───── RAW DATA
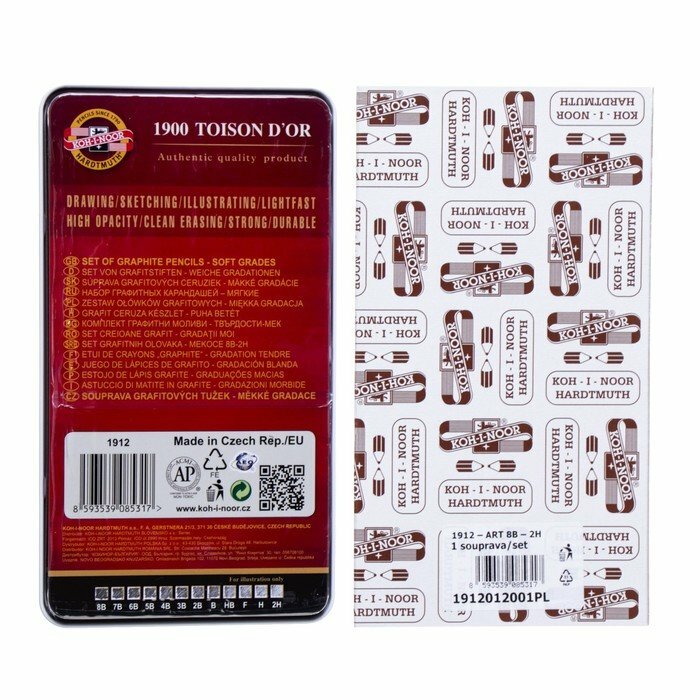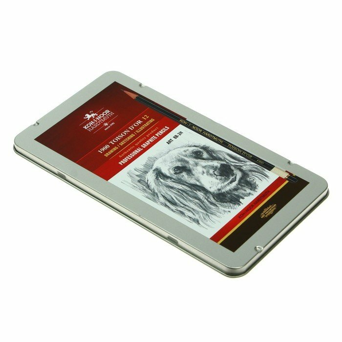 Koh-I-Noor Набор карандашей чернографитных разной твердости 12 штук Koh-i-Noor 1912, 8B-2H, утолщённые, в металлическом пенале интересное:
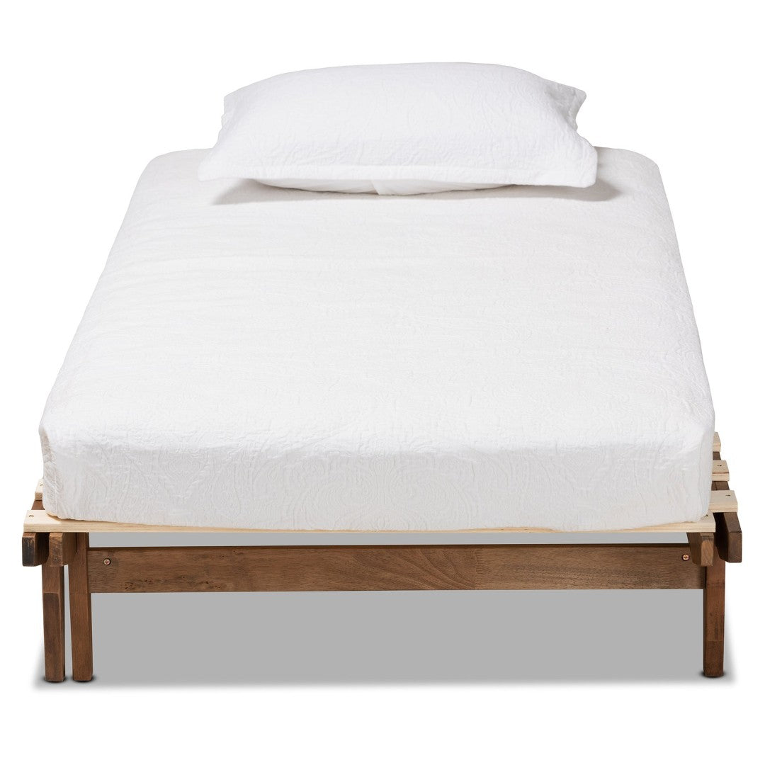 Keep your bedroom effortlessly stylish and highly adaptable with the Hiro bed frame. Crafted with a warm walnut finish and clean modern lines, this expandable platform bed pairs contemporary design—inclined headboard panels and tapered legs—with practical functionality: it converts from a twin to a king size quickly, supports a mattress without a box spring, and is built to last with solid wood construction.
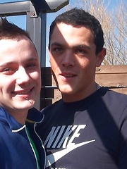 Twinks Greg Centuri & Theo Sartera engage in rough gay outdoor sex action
──────────
> EXERCISE INSTRUCTIONS
Your response must consist of the lines from the beginning of the data through the line containing "Keep your bedroom", transcribed exactly, with no pictures.

> ANSWER FOR THIS EXERCISE
 Koh-I-Noor Набор карандашей чернографитных разной твердости 12 штук Koh-i-Noor 1912, 8B-2H, утолщённые, в металлическом пенале интересное:
 Keep your bedroom effortlessly stylish and highly adaptable with the Hiro bed frame. Crafted with a warm walnut finish and clean modern lines, this expandable platform bed pairs contemporary design—inclined headboard panels and tapered legs—with practical functionality: it converts from a twin to a king size quickly, supports a mattress without a box spring, and is built to last with solid wood construction.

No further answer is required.